Giaccone could not be reached for comment.
"I am not a father with illusions," Zeev told The Dartmouth. "I won't be the one to say 'Not my son,'" adding that he believes "he couldn't have achieved scholastically and athletically" while being a drug user.
"I know what [marijuana] smells like, and I would have known," Zeev said more firmly. "I would have picked up on that immediately and would not have allowed it."
According to The Dartmouth's sources, however, Phi Delt brothers have done investigations of their own into Adam's high school life, in order to dispel Zeev's charge that Adam began using drugs and alcohol upon joining their house.
Those sources say that information the brothers have uncovered indicate that Adam, who attended New York City's highly-esteemed magnet public school Stuyvesant and came away with a 97 average at the rigorous institution, was no stranger to illegal drugs and alcohol.
Should the Dansigers take their case to court, Redman predicted, the situation is likely to "get nasty."
"I don't think it will be good for he and his family for him to hear about what some Phi Delts think of Adam," said Redman.
At the close of his letter to Giaccone, Zeev writes in capital letters: "Chief Giaccone, I am Wolf Zeev Dansiger and I am Adams [sic] father. Remember my name because I will always have your words ethced [sic] in my heart."
Zeev insisted to The Dartmouth that his closing statement to Hanover's Chief of Police was in no way a threat.
"I'm not stupid, I'm not going to put it down in writing that I am threatening the Chief of Police," Zeev explained. "I just told him exactly how I feel, just that I will go down in my grave knowing what he said."
A native of Israel and Poland who emigrated to the U.S. in 1969 and is now a naturalized American citizen, Zeev Dansiger said he has familiarized himself completely with the nation's laws and takes objection to one in particular -- a law whose abuse, he says, allows Dartmouth officials to cover up for students at the College who commit criminal acts.
The Buckley Amendment, also known as the Family Educational Right to Privacy Act [FERPA], enacted in 1993, effectively seals the records of any student from being released to anyone other than the student.
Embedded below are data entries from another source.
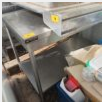
Lot n° 81 1 Table inox Mise à prix : 100 €
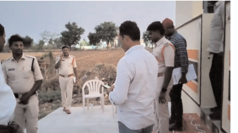
(షణ్ముఖ వెలుగు, పెద్దారవీడు, ఏప్రిల్ 29)
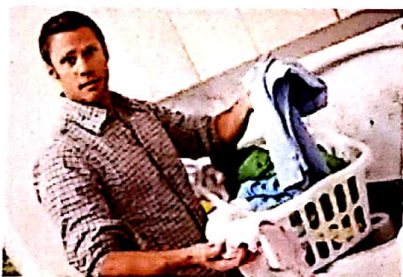
je fais toujours une lessive

This includes the student's parents, if that student is over the age of 18.
Zeev notes in his letter to various senators that he believes the amendment is "routinely abused" by administrations that use the law to "act as the judge, jury and prosecutor [sic] on campus."
In writing these letters, Zeev said, he hopes politicians will "restore ... parental rights" to be told about the status of their children while in college.
Zeev told The Dartmouth that he suspects the Buckley Amendment is being manipulated by College administrators to "stifle anyone who wants to give Dartmouth a bad reputation."
Zeev emphasizes, in his letters as well as in his conversations with The Dartmouth, that he supports the Greek system as "an excellent thing," but blames Dartmouth's administration for not holding houses to high enough standards.
"The truth is, the whole administration has absolutely no ability to come through with the [Trustee's Student Life Initiative], because they will do anything the alumni want," he said.
"We're trying to do the best we can in terms of dealing with drug and alcohol abuse," Redman told The Dartmouth. "Could we do better? Sure. What college can't?"
In a brief conversation with The Dartmouth, Adam, speaking slowly and haltingly, answered questions about his health status, saying he felt he was "alright."
"All right is completely relative," he said, however. "I still have a lot of problems."